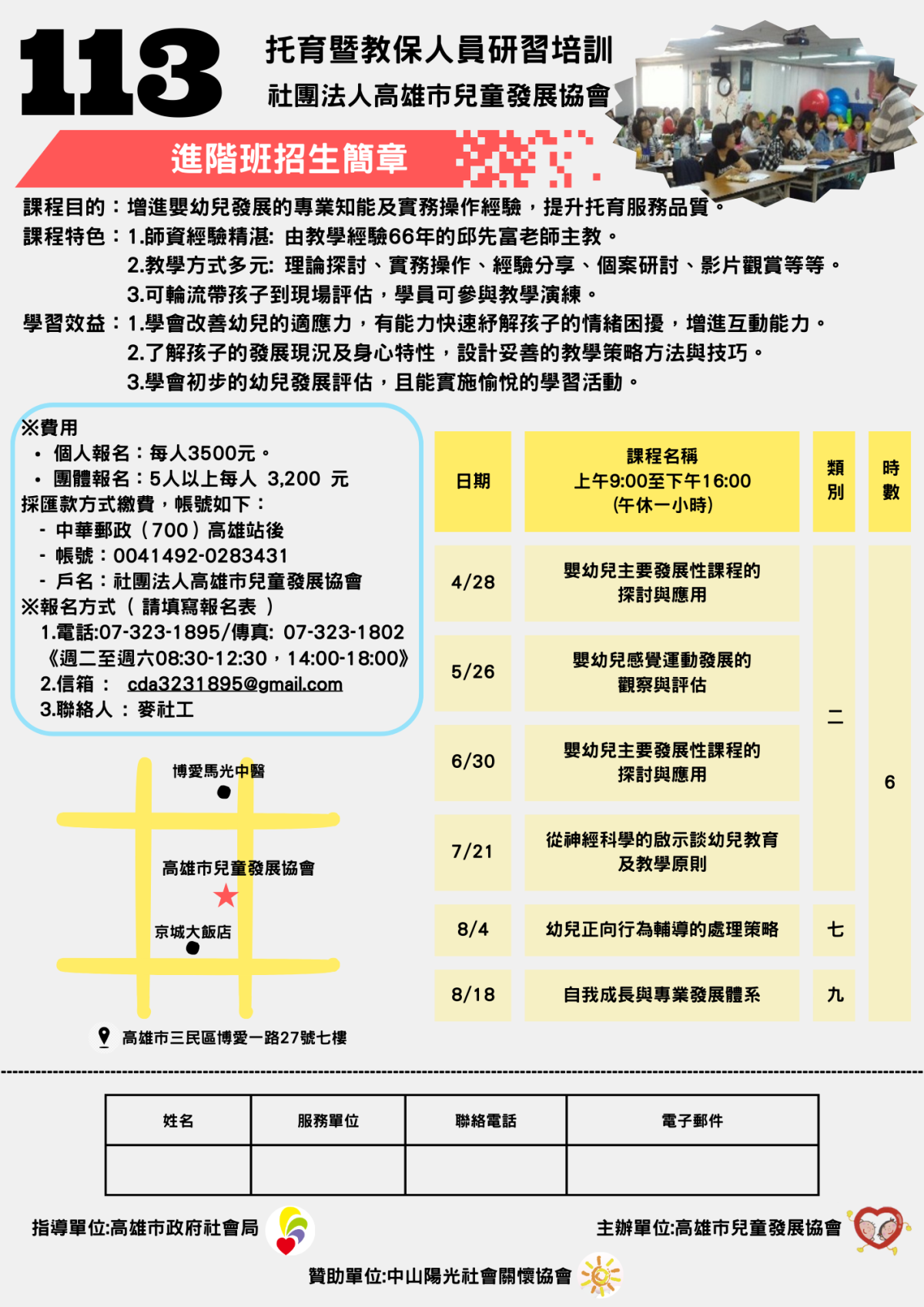 一、教師經驗豐富:由教師資歷65年,早療教學經驗30年的邱先富老師擔任。
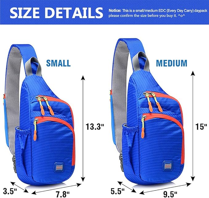 - HIGH CAPACITY WITH SMALL SIZE AND MANY PRACTICAL POCKETS - SMALL: 13.3x7.8x3.5 inches and LARGE: 15x9.8x4 sling backpack, offering large capacity for your needs. Our multipurpose casual daypacks come with many practical pockets - 1 main compartment is built in an iPad sandwich pocket, 1 Front Zipper Pocket comes with 2 interior slot pockets, and 1 Strap Pocket for your important items. 1 Side Pocket for umbrella and water bottle, etc.
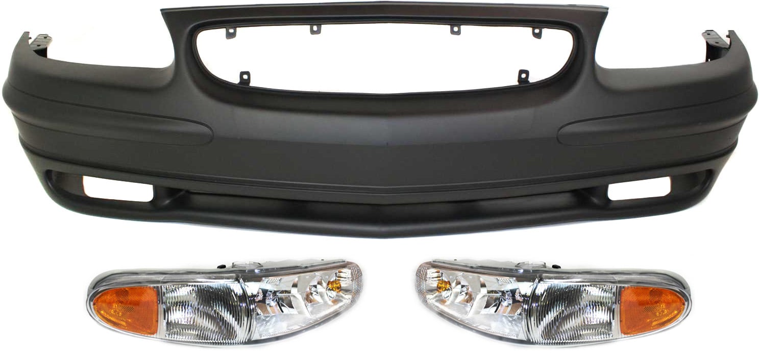Headlight Assembly for Buick Century 1997-2003, Right (Passenger) and Left (Driver), Halogen, 3-Piece Kit with Bumper Cover, Replacement
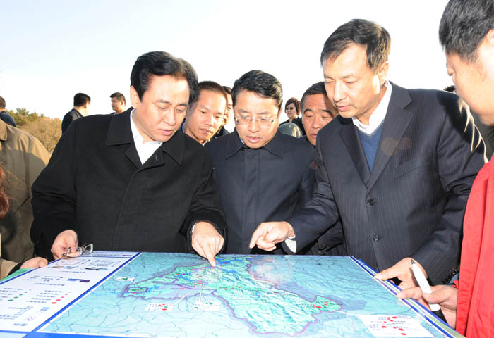 黑龙江副省长孙尧(前排右一)、牡丹江市委书记张晶川(前排中间)陪同许家印教授实地考察
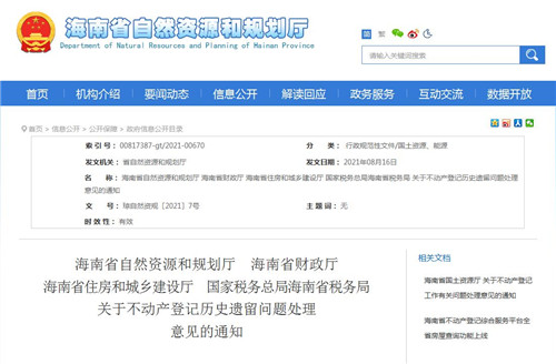 房訊網訊 近日,海南省自然資源和規劃廳、海南省財政廳、海南省住房和城鄉建設廳、國家稅務總局海南省稅務局聯合下發《關于不動產登記歷史遺留問題處理意見的通知》,對不動產登記基本原則、適用范圍、解決政策和方法等作出明確要求。本通知自發布之日起實施,有效期3年。

* * * * * * * * *

Each line from the one that holds "Headlight Assembly for" through the end of the entries must be returned exactly, while any pictures stay out.

**Exercise result**
Headlight Assembly for Buick Century 1997-2003, Right (Passenger) and Left (Driver), Halogen, 3-Piece Kit with Bumper Cover, Replacement
 黑龙江副省长孙尧(前排右一)、牡丹江市委书记张晶川(前排中间)陪同许家印教授实地考察
 房訊網訊 近日,海南省自然資源和規劃廳、海南省財政廳、海南省住房和城鄉建設廳、國家稅務總局海南省稅務局聯合下發《關于不動產登記歷史遺留問題處理意見的通知》,對不動產登記基本原則、適用范圍、解決政策和方法等作出明確要求。本通知自發布之日起實施,有效期3年。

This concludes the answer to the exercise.